Exercise
Set down each line of the material that follows, exactly, with no pictures.

Recorded data
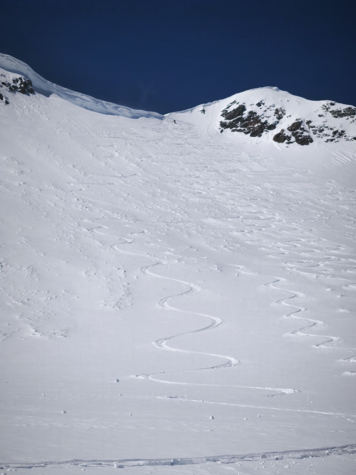 Sous la corniche, c'est crouté, ça embarque les skis, à deux doigts du tête pied sur le premier virage. Les 200 premiers mètres, petit couche de poudre sur fond dur et bien gelé, c'est super ! Puis pour attendre le bas du glacier, une neige décaillée, bien à point, se laisse skier parfaitement bien.
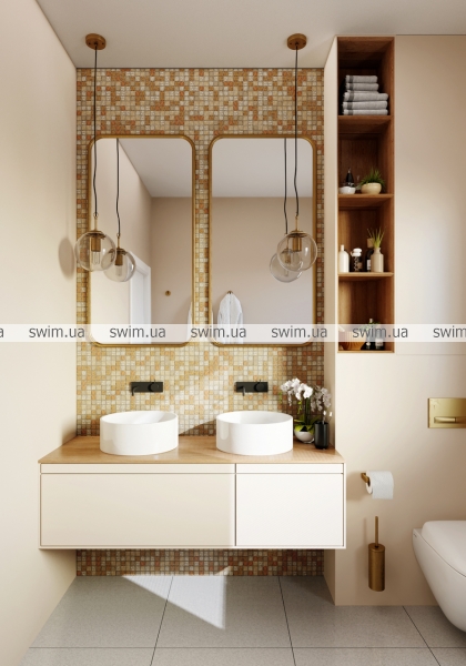 Така мозаїка призначена для оздоблення стін у приміщеннях. Вона відрізняється вишуканим золотим кольором і може надати ванній особливу шляхетність. Золоті тони чудово виглядають в інтер'єрі, оформленому в стилі арт-деко, бароко, рококо, ампір тощо.
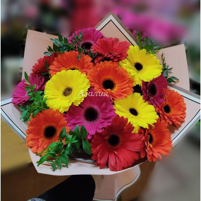 Букет из 15 разноцветных гербер

Answer to the exercise
 Sous la corniche, c'est crouté, ça embarque les skis, à deux doigts du tête pied sur le premier virage. Les 200 premiers mètres, petit couche de poudre sur fond dur et bien gelé, c'est super ! Puis pour attendre le bas du glacier, une neige décaillée, bien à point, se laisse skier parfaitement bien.
 Така мозаїка призначена для оздоблення стін у приміщеннях. Вона відрізняється вишуканим золотим кольором і може надати ванній особливу шляхетність. Золоті тони чудово виглядають в інтер'єрі, оформленому в стилі арт-деко, бароко, рококо, ампір тощо.
 Букет из 15 разноцветных гербер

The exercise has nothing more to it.